As the son of one-time Vice Premier Xi Zhongxun, the younger Xi spent the 1950s in a world of comfortable homes, chauffeur-driven cars and the best schools when most Chinese were desperately poor.

But the elder Xi fell afoul of the increasingly paranoid communist chief, and Mao demoted him in 1962. The son was dispatched to rural Shaanxi province in 1969 as part of Mao’s campaign to toughen up educated urban youth during the chaotic Cultural Revolution. When caught returning to Beijing, he was sent to a labor camp for six months. Back in Liangjiahe, he helped build irrigation ditches.

“Knives are sharpened on the stone. People are refined through hardship,” Xi said in a rare 2001 interview with a Chinese magazine. “Whenever I later encountered trouble, I’d just think of how hard it had been to get things done back then and nothing would then seem difficult.”

Local Communist Party officials and police in Liangjiahe followed reporters on a visit and asked them to leave, showing how the party wants to control information about Xi’s past. But they did allow brief interviews, including with Shi, described by villagers as Xi’s former “iron buddy.”
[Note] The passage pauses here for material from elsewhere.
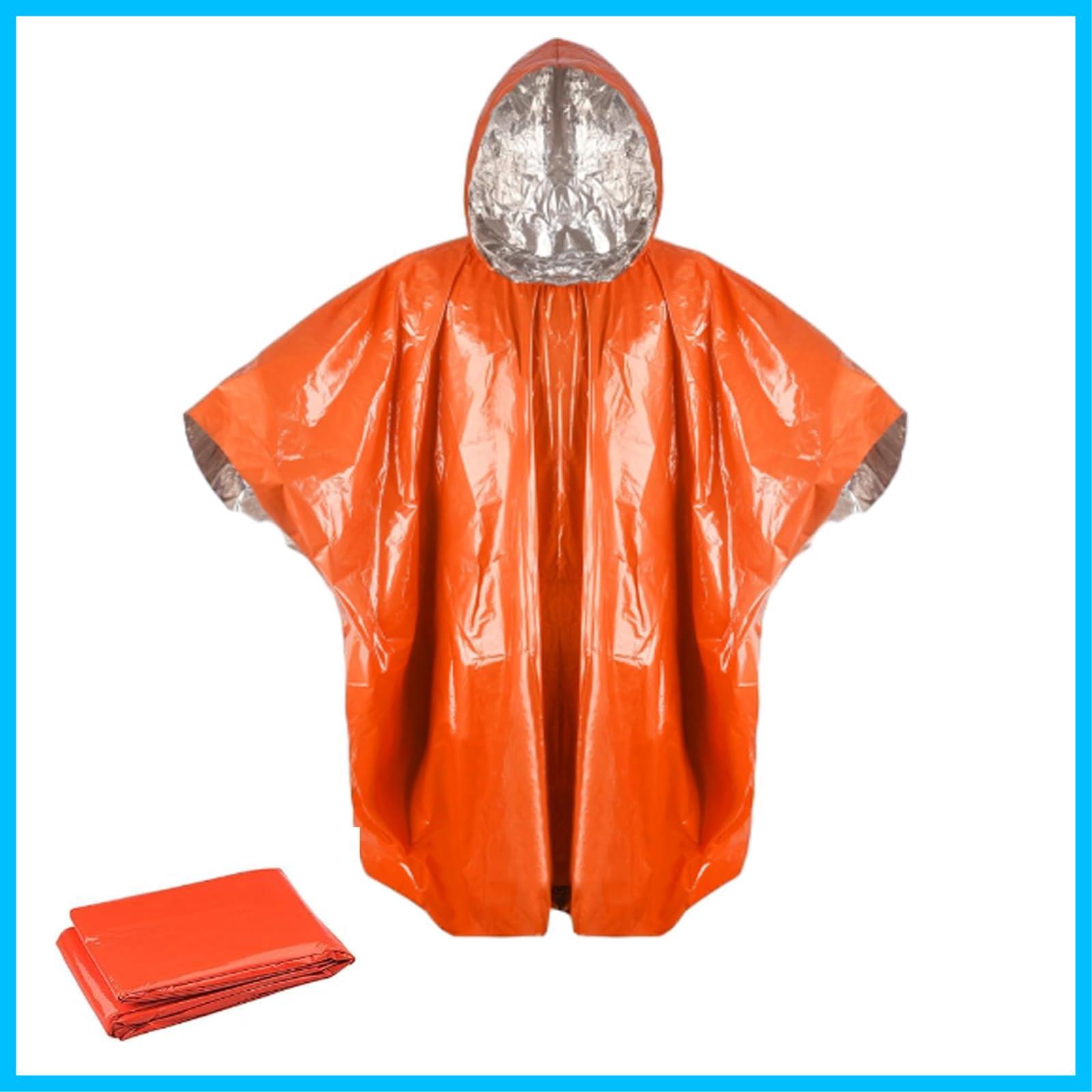 Phyxiul 防災グッズ サバイバルシート 緊急シュラフ アルミ寝袋 防水 防風 防寒 保温 手軽登山 アウトドア 便利なポンチョ 地震用 応急処置レインコート (オレンジ) | グランメゾンショップ

Shi stood across from the now-abandoned, one-room home where Xi lived with a local family, and recalled the day Xi departed at age 22. “No one wanted to see him go,” Shi said.

Rejected for Communist Party membership nine times due to his father’s political problems, Xi finally gained entry in 1974 and then attended the elite Tsinghua University.

He would later return to Liangjiahe only once, in 1992, when he gave an alarm clock to each household, Shi said.

Xi went on to earn a chemistry degree, by which time Mao had died and his father been restored to office. Xi next secured a plum position as secretary to Defense Minister Geng Biao, one of his father’s old comrades.

But Xi took the unusual step three years later of jumping to a lowly post in rural Hebei province, because he wanted to “struggle, work hard, and really take on something big,” Xi told Elite Youth magazine’s now-deceased editor Yang Xiaohuai.